---
title: "Whisky Tasting note with RAG"
author: "Tony D"
date: "2025-11-05"
categories: [AI, API, tutorial]
image: "images/0.png"
format:
html:
code-fold: true
code-tools: true
code-copy: true
execute:
eval: false
warning: false
---
# Project Overview
The whisky tasting application is an advanced AI-powered web application that generates detailed, professional whisky tasting notes and recommendations. What makes this system special is its multi-agent architecture with specialized AI personalities, each trained on different whisky review sources and linguistic styles.

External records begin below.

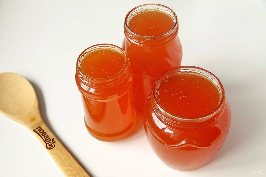 Пока варенье горячее, оно не очень густое, но по мере застывания будет сгущаться. Из указанного количества получается 1,5 литра варенья. Удачных заготовок!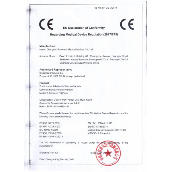 I-ReHealth Fluoride Varnish is a kind of fluorine protective paint based on natural resin, which is specially used to prevent dental caries, restore teeth and demineralize early, and improve the acid resistance of enamel. Fluoride Varnish protective paint has been clinically proved to be one of the most effective caries prevention measures.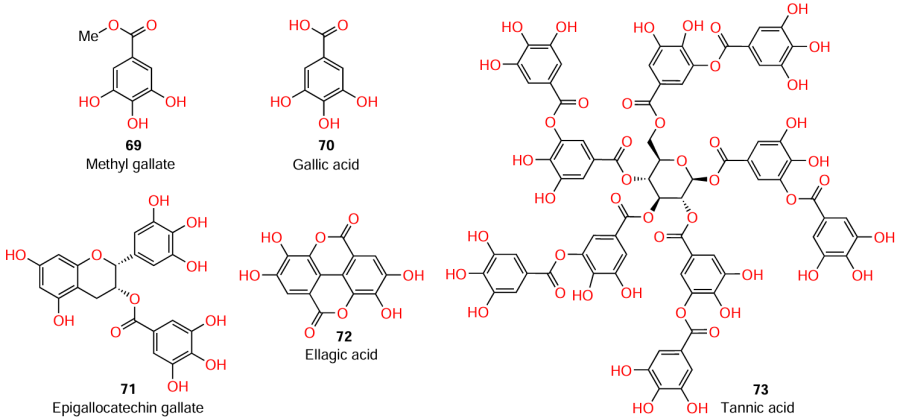 Hossain et al.[86] investigated series of tannins, among which only methyl gallate (69) exhibited quorum sensing inhibitory activity against C. violaceum and P. aeruginosa. Since the unsubstituted precursor, gallic acid (70), was inactive,[87][88] the authors assumed that the presence of the gallic moiety in the molecule was insufficient for the compound to exhibit anti-quorum sensing activity.

Live Demo(modelscope): [https://modelscope.cn/studios/ttflying/whisky_AI_tasting](https://modelscope.cn/studios/ttflying/whisky_AI_tasting)
Live Demo(shinyapp): [https://jcflyingco.shinyapps.io/ai-whisky-tasting/](https://jcflyingco.shinyapps.io/ai-whisky-tasting)
Github: [https://github.com/JCwinning/whisky_tasting](https://github.com/JCwinning/whisky_tasting)
::: {.panel-tabset}
## AI tasting note
{width="100%"}
## AI recommendation
{width="100%"}
## AI品鉴词
{width="100%"}
## AI推荐
{width="100%"}
:::
## Core Architecture
### Multi-Agent AI System
The application features three specialized AI agents, each with unique characteristics and data sources:
1. **DrunkTony (dt)** - Chinese-language agent specializing in Chinese whisky reviews
2. **WhiskyFunny (wf)** - English-language agent with data from whiskyfun.com
3. **WhiskyNotebook (wn)** - English-language agent with data from whiskynotes.be
### Technology Stack
- **Primary Language**: Python 3.13+
- **Web Framework**: Streamlit (primary) + Shiny for Python (alternative)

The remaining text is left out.